#### YOUR OBJECTIVE
From the listing below, output the lines between the one with "15. Pehr Osbeck, Pastor" and the one with "2、或者点击证书申领;", including those two, and nothing else. Pictures are not copied.

#### DATASET RECORDS
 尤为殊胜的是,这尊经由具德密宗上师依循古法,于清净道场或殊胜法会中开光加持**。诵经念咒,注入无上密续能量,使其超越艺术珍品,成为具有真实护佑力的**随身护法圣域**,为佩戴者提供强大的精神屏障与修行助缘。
---
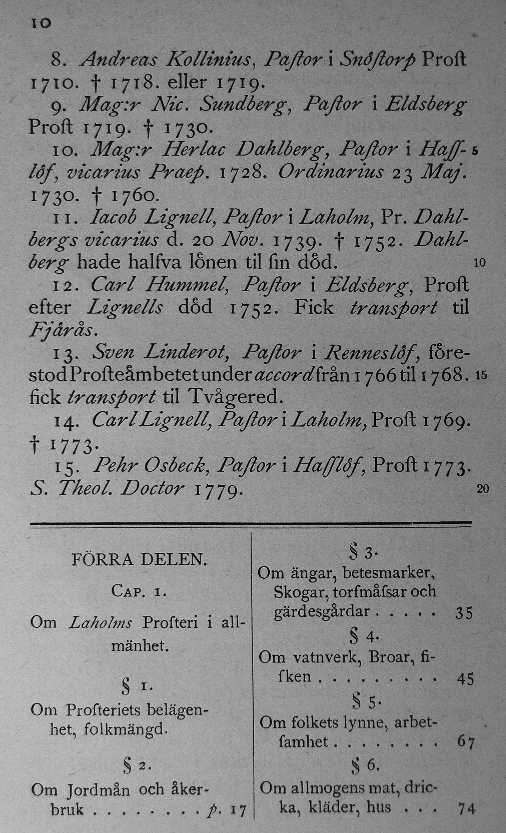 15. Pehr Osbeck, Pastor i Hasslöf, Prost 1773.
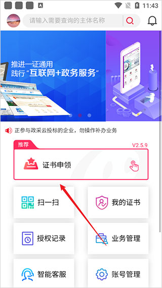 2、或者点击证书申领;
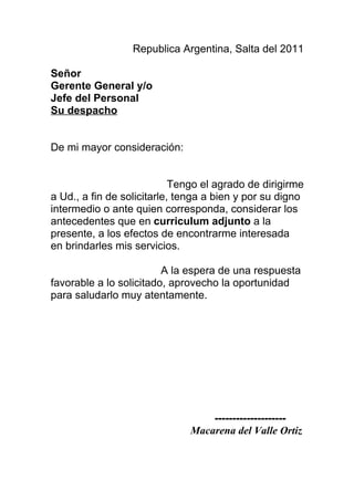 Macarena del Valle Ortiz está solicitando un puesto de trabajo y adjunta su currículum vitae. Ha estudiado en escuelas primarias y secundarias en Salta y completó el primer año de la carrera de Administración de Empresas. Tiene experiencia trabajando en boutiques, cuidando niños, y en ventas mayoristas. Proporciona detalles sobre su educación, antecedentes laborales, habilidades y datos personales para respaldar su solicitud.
---
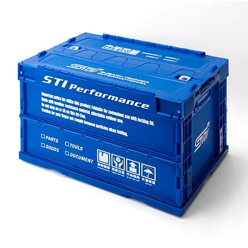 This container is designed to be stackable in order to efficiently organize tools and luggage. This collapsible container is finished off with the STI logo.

#### RESULT FOR THIS EXERCISE
 15. Pehr Osbeck, Pastor i Hasslöf, Prost 1773.
 2、或者点击证书申领;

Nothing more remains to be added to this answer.